|
Q: Having Withdrawals-What Can I Do?
Help, I have been on 300mg Desyrel, 10mg Stelazine, .5mg
Cogentine, 60mg Remeron for almost 10yrs. My diagnosis had been Atypical
depression. I now realize that the meds. were making me worse. I stopped therapy
and started to cut donw on the meds. in Sept. I am off all meds. except
50mg Desyrel in the am. I am having a terrible time. I am restless, headache,
sweats, anxious, sleepless, just miserable. However, I am thinking more
clearly and my concentration is the best it has been in years. I do not feel
depressed. How long will I have these terrible withdrawals? What can I do?

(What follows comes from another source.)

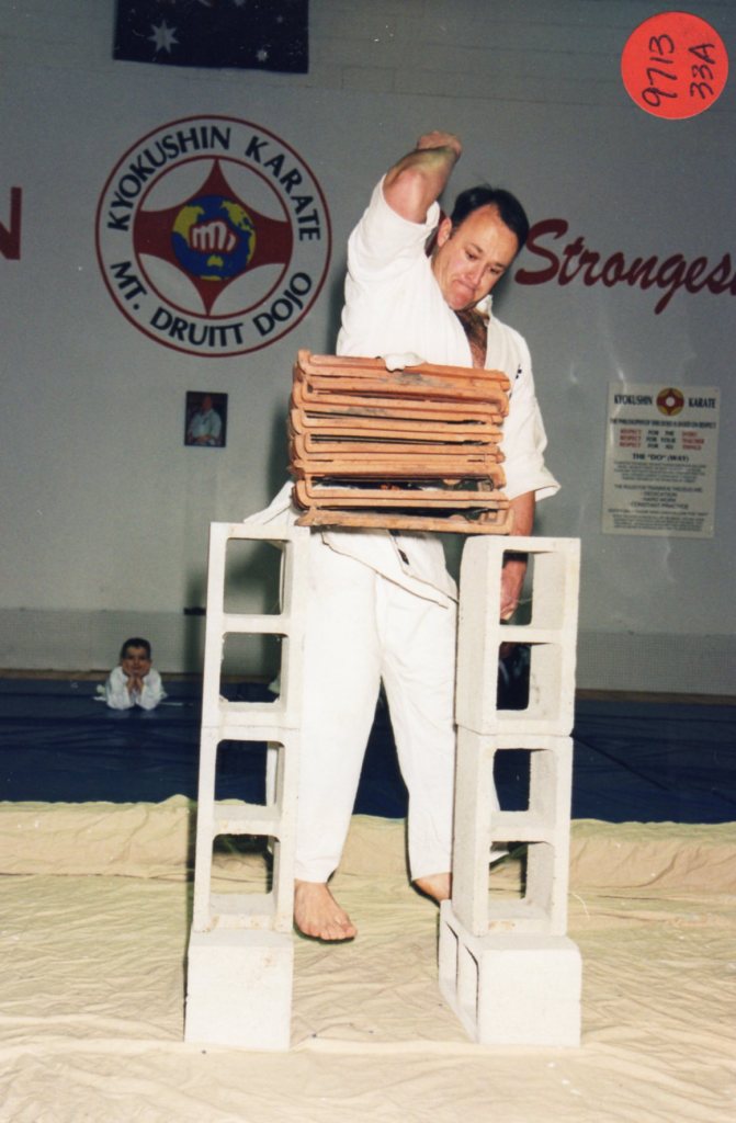 And at that tournament, Shihan Rick Cunningham demonstrates a roof tile break.

Please help. I await your reply. Thanks. Lori.
Dear Lori --
Sounds like you're doing this pretty much on your own, and that in the process
you've got one part better but another part is worse. Also sounds like you
were smart, and tapered off some of the medications rather than stopping (it
would be nice if people could work out a plan to go off medications like you
were on with the person who prescribed them still involved; but I am
aware that a lot of people feel like they can't have conversations with their
providers and work out something mutually agreeable, so feel like if they
are going to try something like what you're trying they have to do that on your
own.)
For medicolegal reasons, not having directly to do with
you personally, let me make it clear that I do not endorse people making their
own decisions about medications and acting on those decisions without the
knowledge or agreement of their provider. Okay; that said, what's to do
now?
Restless, anxious, sleepless. This could be
withdrawal, I suppose, if your last step to zero from Remeron was very recent
and if you stepped from 15 mg to zero as is the easiest to arrange. But
"withdrawal" has not been a really big deal with Remeron as it has
been with the purely serotonergic medications like Paxil and Zoloft (not to say
it doesn't happen; I'm not sure we have enough experience with it yet to comment
on that)
(In case somebody was wondering why I don't have that much experience yet with it yet, that's because there are too
many other antidepressants to choose from to be using a new one that
clearly causes weight gain, and I don't have a whole bunch of folks over 60 in
my practice, which is one area where that medication may have some specific
value)
Okay, where were we? Restless, anxious,
sleepless. The first step in my view would be to make sure that your
diagnosis is correct and that you don't have some variant of bipolar
disorder. Obviously you've been working on that angle because here you are
on this website. If you somehow came to the conclusion you had a bipolar
variation, you have two challenges (surely more, but here are two that come from
that conclusion): first, how are you going to get a trial on
mood
stabilizers? Second, related, how are you going to convince your
provider, or some other one, to "buy", at least temporarily, a
diagnosis of "bipolar variant" and thus give you that chance? A
completed
Mood
Disorders Questionnaire that is "positive" for bipolar might help
you there.
In other words, I'd start with the suspicion that you
might indeed have bipolar disorder (because that's the suspicion I think every
doctor ought to start with for anyone with a complex depression, so as to avoid
giving medications that can make people directly worse -- as opposed to
"side effect worse"; especially for someone who's warranted
considering something like stelazine; who isn't now depressed; who is agitated;
etc. etc.). If it was "just withdrawal" you should be feeling
better pretty soon, like within a week or two of the last dose in most
cases. If it's already been that long, and the trend in symptoms is worse
not better, then you should take the MDQ and see what you can work out with your
doc's. Note that there's also a newer "questionnaire" approach
to bipolar spectrum -- i.e. more subtle forms -- disorders (the
Bipolar
Spectrum Disorders Screen), but that questionnaire does not clearly tell you
what to do except if it's "negative", in my view, for reasons you'll
find explained along with the test on my website.
Good luck to you in all this. You got guts, that
much I think we can say for certain.